- [WORKING DATA]
-*-*-
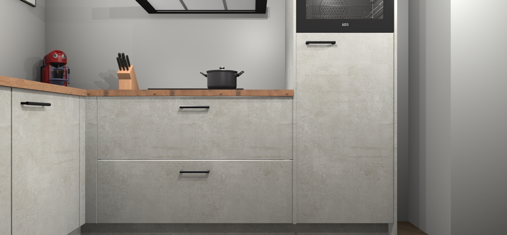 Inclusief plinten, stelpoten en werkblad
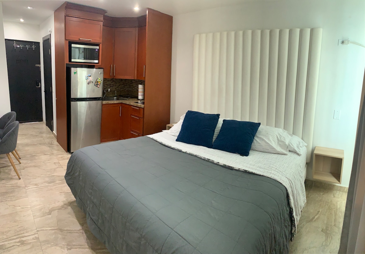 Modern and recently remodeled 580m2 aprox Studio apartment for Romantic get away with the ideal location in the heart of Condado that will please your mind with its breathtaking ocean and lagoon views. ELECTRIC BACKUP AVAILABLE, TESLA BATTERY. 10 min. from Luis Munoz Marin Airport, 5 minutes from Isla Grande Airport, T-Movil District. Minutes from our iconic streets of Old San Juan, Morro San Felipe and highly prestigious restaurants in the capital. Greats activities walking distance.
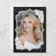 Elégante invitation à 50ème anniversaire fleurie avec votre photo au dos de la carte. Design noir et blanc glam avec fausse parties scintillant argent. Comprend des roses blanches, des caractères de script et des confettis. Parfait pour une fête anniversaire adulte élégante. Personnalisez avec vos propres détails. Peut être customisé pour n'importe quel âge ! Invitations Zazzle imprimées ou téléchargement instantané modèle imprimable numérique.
-*-*-
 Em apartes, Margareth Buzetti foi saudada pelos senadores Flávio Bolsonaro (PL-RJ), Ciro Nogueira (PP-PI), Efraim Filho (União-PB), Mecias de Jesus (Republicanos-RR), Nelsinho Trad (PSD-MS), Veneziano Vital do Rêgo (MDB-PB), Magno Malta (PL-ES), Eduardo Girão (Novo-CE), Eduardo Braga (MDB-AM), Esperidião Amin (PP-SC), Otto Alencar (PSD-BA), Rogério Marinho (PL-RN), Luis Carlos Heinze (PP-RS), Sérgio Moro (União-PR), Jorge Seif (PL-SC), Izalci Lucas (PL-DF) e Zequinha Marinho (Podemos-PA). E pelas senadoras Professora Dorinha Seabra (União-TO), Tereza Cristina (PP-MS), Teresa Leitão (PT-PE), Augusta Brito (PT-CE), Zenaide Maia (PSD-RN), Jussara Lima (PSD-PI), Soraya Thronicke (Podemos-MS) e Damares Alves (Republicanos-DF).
-*-*-
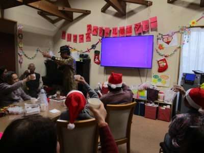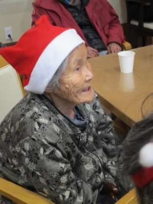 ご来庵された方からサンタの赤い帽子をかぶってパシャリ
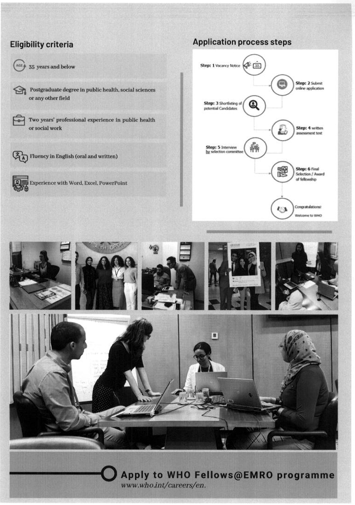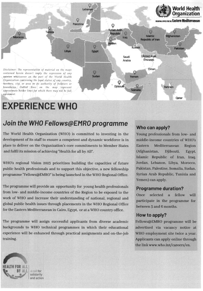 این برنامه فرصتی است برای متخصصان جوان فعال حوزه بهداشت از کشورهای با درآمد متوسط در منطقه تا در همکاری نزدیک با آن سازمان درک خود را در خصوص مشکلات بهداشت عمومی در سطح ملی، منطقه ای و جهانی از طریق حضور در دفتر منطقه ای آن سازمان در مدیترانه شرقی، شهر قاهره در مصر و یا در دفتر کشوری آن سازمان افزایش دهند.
-*-*-
- [WHAT THE TASK REQUIRES] In the listing above, find the line with "Inclusief plinten, stelpoten en werkblad" and the line with "Elégante invitation à". Copy both of them and every line between, exactly, but not the pictures.

- [EXERCISE RESULT]
 Inclusief plinten, stelpoten en werkblad
 Modern and recently remodeled 580m2 aprox Studio apartment for Romantic get away with the ideal location in the heart of Condado that will please your mind with its breathtaking ocean and lagoon views. ELECTRIC BACKUP AVAILABLE, TESLA BATTERY. 10 min. from Luis Munoz Marin Airport, 5 minutes from Isla Grande Airport, T-Movil District. Minutes from our iconic streets of Old San Juan, Morro San Felipe and highly prestigious restaurants in the capital. Greats activities walking distance.
 Elégante invitation à 50ème anniversaire fleurie avec votre photo au dos de la carte. Design noir et blanc glam avec fausse parties scintillant argent. Comprend des roses blanches, des caractères de script et des confettis. Parfait pour une fête anniversaire adulte élégante. Personnalisez avec vos propres détails. Peut être customisé pour n'importe quel âge ! Invitations Zazzle imprimées ou téléchargement instantané modèle imprimable numérique.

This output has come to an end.